LDMol not only can generate molecules according to the given text prompt, but it's also able to perform various downstream tasks including molecule-to-text retrieval and text-guided molecule editing.

🎉 The paper is accepted(poster) in ICML 2025.

📑 Abstract

The unavoidable discreteness of a molecule makes it difficult for a diffusion model to connect raw data with highly complex conditions like natural language. To address this, we present a novel latent diffusion model dubbed LDMol for text-conditioned molecule generation. LDMol comprises a molecule autoencoder that produces a learnable and structurally informative feature space, and a natural language-conditioned latent diffusion model. In particular, recognizing that multiple SMILES notations can represent the same molecule, we employ a contrastive learning strategy to extract feature space that is aware of the unique characteristics of the molecule structure. LDMol outperforms the existing baselines on the text-to-molecule generation benchmark, suggesting a potential for diffusion models can outperform autoregressive models in text data generation with a better choice of the latent domain.
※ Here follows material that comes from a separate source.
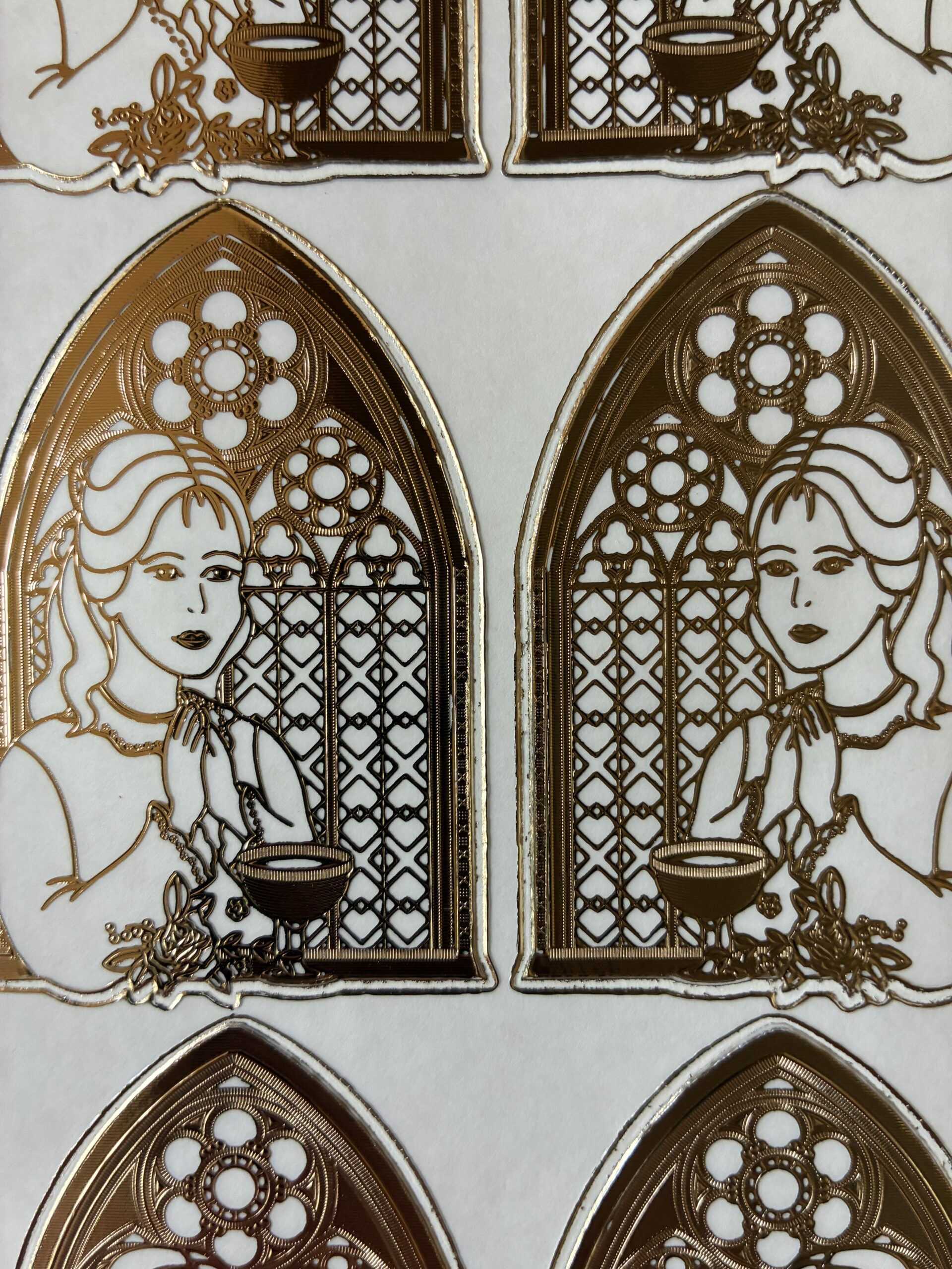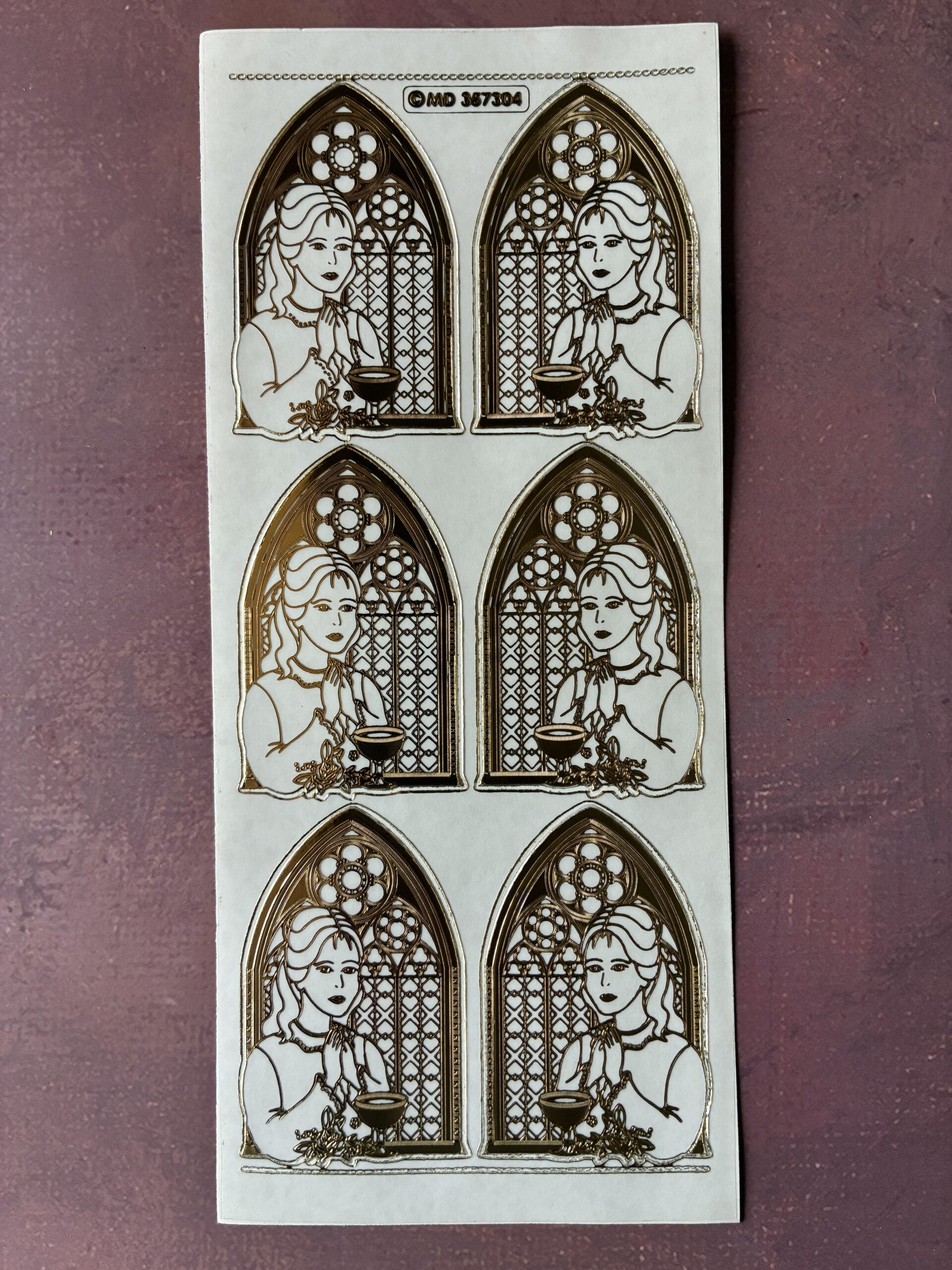 This sheet of religious themed peel off stickers features six double embossed images of a girl standing in front of a church window in a gold colour with a transparent background. Perfect for first holy communion card making and other religious themed craft projects. Each sheet is DL in size approximately 10cms wide x 23cms long (a third of an A4 sheet).

Furthermore, we show that LDMol can be applied to downstream tasks such as molecule-to-text retrieval and text-guided molecule editing, demonstrating its versatility as a diffusion model.

🛠️ Requirements

Run conda env create -f requirements.yaml and it will generate a conda environment named ldmol.

The model checkpoint and data are too heavy to be included in this repo and can be found in here.

🎯 Inference

Check out the arguments in the script files to see more details.

1. text-to-molecule generation

zero-shot: The model gets a hand-written text prompt.

CUDA_VISIBLE_DEVICES=0,1 torchrun --nnodes=1 --nproc_per_node=2 inference_demo.py --num-samples 100 --ckpt ./Pretrain/checkpoint_ldmol.pt --prompt="This molecule includes benzoyl group." --cfg-scale=2.5

benchmark dataset: The model performs text-to-molecule generation on ChEBI-20 test set. The evaluation metrics will be printed at the end.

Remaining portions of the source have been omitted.